Goal of the exercise: Beginning with the first entry, set down each one exactly as shown.

Records for the task:

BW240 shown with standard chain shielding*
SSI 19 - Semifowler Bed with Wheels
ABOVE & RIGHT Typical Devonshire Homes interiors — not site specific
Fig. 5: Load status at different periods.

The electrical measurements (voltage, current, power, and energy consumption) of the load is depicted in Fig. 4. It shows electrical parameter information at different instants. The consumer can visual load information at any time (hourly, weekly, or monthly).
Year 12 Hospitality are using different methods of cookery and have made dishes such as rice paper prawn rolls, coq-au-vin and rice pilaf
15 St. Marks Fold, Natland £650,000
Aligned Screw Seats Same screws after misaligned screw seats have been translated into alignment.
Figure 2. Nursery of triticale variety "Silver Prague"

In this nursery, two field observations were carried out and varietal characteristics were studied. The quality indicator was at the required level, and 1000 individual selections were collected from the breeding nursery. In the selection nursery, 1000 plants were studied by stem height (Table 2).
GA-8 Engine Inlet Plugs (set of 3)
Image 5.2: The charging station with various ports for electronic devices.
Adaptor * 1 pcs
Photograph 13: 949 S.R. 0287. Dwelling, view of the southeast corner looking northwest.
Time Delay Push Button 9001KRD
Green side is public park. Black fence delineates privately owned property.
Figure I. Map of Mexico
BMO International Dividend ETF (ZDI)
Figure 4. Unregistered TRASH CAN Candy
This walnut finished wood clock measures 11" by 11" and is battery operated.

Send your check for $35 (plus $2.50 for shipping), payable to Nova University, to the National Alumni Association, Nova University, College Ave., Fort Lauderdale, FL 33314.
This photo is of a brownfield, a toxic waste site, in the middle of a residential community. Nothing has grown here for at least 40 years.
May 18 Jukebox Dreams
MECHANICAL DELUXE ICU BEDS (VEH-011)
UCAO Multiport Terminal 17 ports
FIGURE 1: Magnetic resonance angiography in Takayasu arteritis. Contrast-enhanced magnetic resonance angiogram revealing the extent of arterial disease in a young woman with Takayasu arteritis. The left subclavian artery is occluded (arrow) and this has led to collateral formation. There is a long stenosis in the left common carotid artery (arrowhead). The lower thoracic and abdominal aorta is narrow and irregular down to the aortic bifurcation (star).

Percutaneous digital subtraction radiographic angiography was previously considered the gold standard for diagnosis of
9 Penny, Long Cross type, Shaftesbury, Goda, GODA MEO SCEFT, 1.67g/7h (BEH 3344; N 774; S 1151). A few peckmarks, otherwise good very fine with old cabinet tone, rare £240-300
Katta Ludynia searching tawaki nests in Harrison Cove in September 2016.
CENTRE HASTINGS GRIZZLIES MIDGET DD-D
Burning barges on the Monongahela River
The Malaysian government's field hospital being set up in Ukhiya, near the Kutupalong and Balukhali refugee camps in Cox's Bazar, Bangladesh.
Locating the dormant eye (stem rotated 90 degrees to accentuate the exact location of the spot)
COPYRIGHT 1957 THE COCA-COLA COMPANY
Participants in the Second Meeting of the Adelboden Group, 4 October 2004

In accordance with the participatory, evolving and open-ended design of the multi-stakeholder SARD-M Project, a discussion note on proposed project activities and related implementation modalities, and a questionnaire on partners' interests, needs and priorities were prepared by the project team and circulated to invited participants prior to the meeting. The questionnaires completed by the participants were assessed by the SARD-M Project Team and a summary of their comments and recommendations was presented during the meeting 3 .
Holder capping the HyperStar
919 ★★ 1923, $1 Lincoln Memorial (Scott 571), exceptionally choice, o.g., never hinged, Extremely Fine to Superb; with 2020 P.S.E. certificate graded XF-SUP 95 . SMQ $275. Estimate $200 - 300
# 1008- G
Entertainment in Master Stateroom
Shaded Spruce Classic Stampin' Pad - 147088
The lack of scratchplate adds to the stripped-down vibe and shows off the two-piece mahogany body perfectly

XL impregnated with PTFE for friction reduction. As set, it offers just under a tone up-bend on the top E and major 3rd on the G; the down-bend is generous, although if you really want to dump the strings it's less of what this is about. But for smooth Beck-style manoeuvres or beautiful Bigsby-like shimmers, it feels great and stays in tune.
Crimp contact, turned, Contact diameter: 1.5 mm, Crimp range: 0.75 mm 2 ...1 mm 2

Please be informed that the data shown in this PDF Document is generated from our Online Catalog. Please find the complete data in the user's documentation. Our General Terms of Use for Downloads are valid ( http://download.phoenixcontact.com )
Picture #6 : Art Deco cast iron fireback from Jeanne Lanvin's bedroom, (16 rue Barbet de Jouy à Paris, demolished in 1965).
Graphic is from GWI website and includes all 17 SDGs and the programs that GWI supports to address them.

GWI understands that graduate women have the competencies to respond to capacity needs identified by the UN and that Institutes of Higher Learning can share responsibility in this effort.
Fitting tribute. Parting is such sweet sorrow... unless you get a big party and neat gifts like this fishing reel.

Response:
BW240 shown with standard chain shielding*
SSI 19 - Semifowler Bed with Wheels
ABOVE & RIGHT Typical Devonshire Homes interiors — not site specific
Fig. 5: Load status at different periods.

The electrical measurements (voltage, current, power, and energy consumption) of the load is depicted in Fig. 4. It shows electrical parameter information at different instants. The consumer can visual load information at any time (hourly, weekly, or monthly).
Year 12 Hospitality are using different methods of cookery and have made dishes such as rice paper prawn rolls, coq-au-vin and rice pilaf
15 St. Marks Fold, Natland £650,000
Aligned Screw Seats Same screws after misaligned screw seats have been translated into alignment.
Figure 2. Nursery of triticale variety "Silver Prague"

In this nursery, two field observations were carried out and varietal characteristics were studied. The quality indicator was at the required level, and 1000 individual selections were collected from the breeding nursery. In the selection nursery, 1000 plants were studied by stem height (Table 2).
GA-8 Engine Inlet Plugs (set of 3)
Image 5.2: The charging station with various ports for electronic devices.
Adaptor * 1 pcs
Photograph 13: 949 S.R. 0287. Dwelling, view of the southeast corner looking northwest.
Time Delay Push Button 9001KRD
Green side is public park. Black fence delineates privately owned property.
Figure I. Map of Mexico
BMO International Dividend ETF (ZDI)
Figure 4. Unregistered TRASH CAN Candy
This walnut finished wood clock measures 11" by 11" and is battery operated.

Send your check for $35 (plus $2.50 for shipping), payable to Nova University, to the National Alumni Association, Nova University, College Ave., Fort Lauderdale, FL 33314.
This photo is of a brownfield, a toxic waste site, in the middle of a residential community. Nothing has grown here for at least 40 years.
May 18 Jukebox Dreams
MECHANICAL DELUXE ICU BEDS (VEH-011)
UCAO Multiport Terminal 17 ports
FIGURE 1: Magnetic resonance angiography in Takayasu arteritis. Contrast-enhanced magnetic resonance angiogram revealing the extent of arterial disease in a young woman with Takayasu arteritis. The left subclavian artery is occluded (arrow) and this has led to collateral formation. There is a long stenosis in the left common carotid artery (arrowhead). The lower thoracic and abdominal aorta is narrow and irregular down to the aortic bifurcation (star).

Percutaneous digital subtraction radiographic angiography was previously considered the gold standard for diagnosis of
9 Penny, Long Cross type, Shaftesbury, Goda, GODA MEO SCEFT, 1.67g/7h (BEH 3344; N 774; S 1151). A few peckmarks, otherwise good very fine with old cabinet tone, rare £240-300
Katta Ludynia searching tawaki nests in Harrison Cove in September 2016.
CENTRE HASTINGS GRIZZLIES MIDGET DD-D
Burning barges on the Monongahela River
The Malaysian government's field hospital being set up in Ukhiya, near the Kutupalong and Balukhali refugee camps in Cox's Bazar, Bangladesh.
Locating the dormant eye (stem rotated 90 degrees to accentuate the exact location of the spot)
COPYRIGHT 1957 THE COCA-COLA COMPANY
Participants in the Second Meeting of the Adelboden Group, 4 October 2004

In accordance with the participatory, evolving and open-ended design of the multi-stakeholder SARD-M Project, a discussion note on proposed project activities and related implementation modalities, and a questionnaire on partners' interests, needs and priorities were prepared by the project team and circulated to invited participants prior to the meeting. The questionnaires completed by the participants were assessed by the SARD-M Project Team and a summary of their comments and recommendations was presented during the meeting 3 .
Holder capping the HyperStar
919 ★★ 1923, $1 Lincoln Memorial (Scott 571), exceptionally choice, o.g., never hinged, Extremely Fine to Superb; with 2020 P.S.E. certificate graded XF-SUP 95 . SMQ $275. Estimate $200 - 300
# 1008- G
Entertainment in Master Stateroom
Shaded Spruce Classic Stampin' Pad - 147088
The lack of scratchplate adds to the stripped-down vibe and shows off the two-piece mahogany body perfectly

XL impregnated with PTFE for friction reduction. As set, it offers just under a tone up-bend on the top E and major 3rd on the G; the down-bend is generous, although if you really want to dump the strings it's less of what this is about. But for smooth Beck-style manoeuvres or beautiful Bigsby-like shimmers, it feels great and stays in tune.
Crimp contact, turned, Contact diameter: 1.5 mm, Crimp range: 0.75 mm 2 ...1 mm 2

Please be informed that the data shown in this PDF Document is generated from our Online Catalog. Please find the complete data in the user's documentation. Our General Terms of Use for Downloads are valid ( http://download.phoenixcontact.com )
Picture #6 : Art Deco cast iron fireback from Jeanne Lanvin's bedroom, (16 rue Barbet de Jouy à Paris, demolished in 1965).
Graphic is from GWI website and includes all 17 SDGs and the programs that GWI supports to address them.

GWI understands that graduate women have the competencies to respond to capacity needs identified by the UN and that Institutes of Higher Learning can share responsibility in this effort.
Fitting tribute. Parting is such sweet sorrow... unless you get a big party and neat gifts like this fishing reel.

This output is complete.